The California energy company which once touted made-in-Northern Ontario green jet fuel now wants to make wood pellets.

The California energy company which once touted made-in-Northern Ontario green jet fuel now wants to make wood pellets.

Los Angeles-based Rentech has drastically changed the scope of its project in Northern Ontario as it announced, May 2, it is switching gears by acquiring a shuttered Weyerhaeser fibre board mill in Wawa and and the Atikokan Renewable Fuels mill in Atikokan.

Plans to convert a former Domtar mill in White River into a fuel refinery have been dropped.

To make this happen, Rentech had to acquire a deep-pocketed partner in Georgia-based Fulghum Fibre, a leader in wood chip processing services.

The Atikokan mill, owned by Ed Fukushima and Larry Levchak of Thunder Bay, is undergoing a conversion to make wood pellets to feed the nearby Ontario Power Generation power station.

The Wawa mill will be converted to a wood pellet operation.
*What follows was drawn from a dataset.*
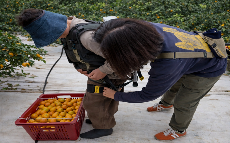 【파이낸셜뉴스 제주=정용복 기자】 제주 농업인들이 감귤 수확과 운반 작업 때 허리 부담을 덜어주는 웨어러블 로봇을 빌려 쓸 수 있게 된다. 농촌 고령화와 인력난이 심화되는 상황에서 인공지능(AI)·디지털 기술을 농업 현장에 적용해 작업 피로를 줄이고 안전을 높이려는 시도다.

In addition, Rentech has struck a long-term contract with Canadian National Railway to ship pellets from Wawa to the Port of Quebec, presumably for international customers.

The company is hinting of employment opportunities for First Nations.

Rentech had been signaling for more than a year that jet fuel was no longer in its plans.

In 2011, amid much government fanfare, the province committed 1.1 million cubic metres of wood to Rentech and its local partners to set up a wood-to-aviation fuel refinery in White River to make low-carbon jet fuel. Almost 400 direct and indirect jobs were to be created.

The so-called Olympiad Project was part ofthe province's wood supply competition to put Ontario “wood back to work” in the larger overhaul of the Crown wood tenure system.

Rentech president Hunt Ramsbottom said in 2011 that he expected to have an order book of air carrier clients by the time the plant went into operation in 2015.

But later that same year, Rentech began retrenching on its plans and said it was looking for a deep-pocketed dance partner for the White River plant.

Rentech said it was searching for partners and funding sources in a “financing package that would limit Rentech's investment in the project.”

Last February, Rentech decided to close an R & D plant in Colorado where it planned to find a profitable way to convert biomass into jet fuel.

The company plans to “re-position” itself to take advantage of the a strong business fundamentals of the nitrogen market. Rentech is cutting all its spending on research and development activities from $21 million in 2012 to $10 million in 2013.